Add job_max_count option to keep Nomad server from running out of memory #26858

bmacdonell-roblox · 2025-09-30T23:55:12Z

Description

If a Nomad job is started with a large number of instances (e.g. 4 billion), then the Nomad servers that attempt to schedule it will run out of memory and crash. While it's unlikely that anyone would intentionally schedule a job with 4 billion instances, we have occasionally run into issues with bugs in external automation. For example, an automated deployment system running on a test environment had an off-by-one error, and deployed a job with count = uint32(-1), causing the Nomad servers for that environment to run out of memory and crash.

To prevent this, this PR introduces a job_max_count Nomad server configuration parameter. job_max_count limits the number of allocs that may be created from a job. The default value is 50000 - this is low enough that a job with the maximum possible number of allocs will not require much memory on the server, but is still much higher than the number of allocs in the largest Nomad job we have ever run.

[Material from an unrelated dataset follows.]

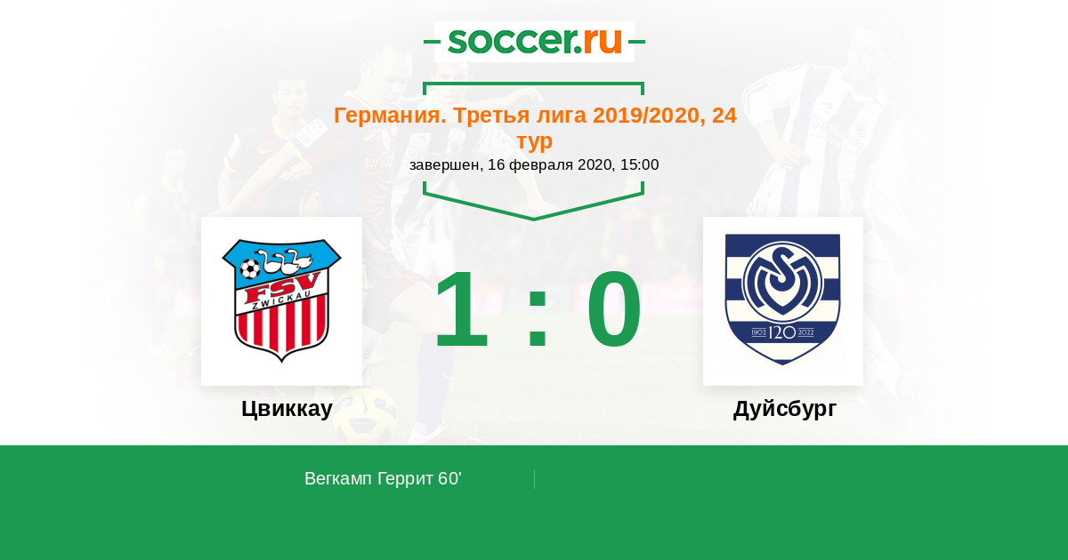60' (1:0) Вегкамп Геррит (9) (Шретер Моррис (17))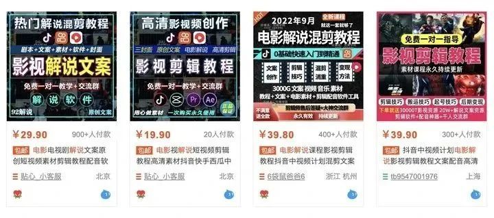 正所谓「售人以鱼不如售人以渔」,阿白发现,现在靠视频广告分成获得收益的变现方式已经落伍了,电影解说已经进入了知识付费的时代,只要花上 39 块钱,就能获得全套剪辑软件、配音软件、文案、视频素材以及剪辑方法,手把手帮你养成百万大号。

For now, this PR is just an initial draft to get the conversation started - there are a few open questions from my side:

While a per-job maximum is safer, it's more difficult to explain in the documentation. Is it worth using an easier-to-explain limit on the count for each group instead of a limit on total count for the job as a whole?
The checks are written so that no validation is performed if JobMaxCount is zero. This avoids updating several hundred tests to use a configuration object with appropriate defaults, instead of a struct literal. Is this a good practice, or would it be better to update all of the affected tests?

Testing & Reproduction steps

To reproduce running out of memory, submit a job with count = 1000000000.

Contributor Checklist

Changelog Entry If this PR changes user-facing behavior, please generate and add a
changelog entry using the make cl command.
Testing Please add tests to cover any new functionality or to demonstrate bug fixes and
ensure regressions will be caught.
Documentation If the change impacts user-facing functionality such as the CLI, API, UI,
and job configuration, please update the Nomad website documentation to reflect this. Refer to
the website README for docs guidelines. Please also consider whether the
change requires notes within the upgrade guide.

Reviewer Checklist

Backport Labels Please add the correct backport labels as described by the internal
backporting document.
Commit Type Ensure the correct merge method is selected which should be "squash and merge"
in the majority of situations. The main exceptions are long-lived feature branches or merges where
history should be preserved.
Enterprise PRs If this is an enterprise only PR, please add any required changelog entry
within the public repository.

If a change needs to be reverted, we will roll out an update to the code within 7 days.

Changes to Security Controls

There are no changes to security controls.

hashicorp-cla-app · 2025-09-30T23:55:26Z

All committers have signed the CLA.

tgross

Hi @bmacdonell-roblox! This looks great overall. I'm mildly concerned about backwards compatibility by having a default limit, but it feels like the default we have here is so absurdly large that it's safe to break backcompat so long as we ship this in the upcoming major version (1.11.0) which we're feature-freezing in the next couple weeks. Perhaps in later versions of Nomad we could reduce this default limit further.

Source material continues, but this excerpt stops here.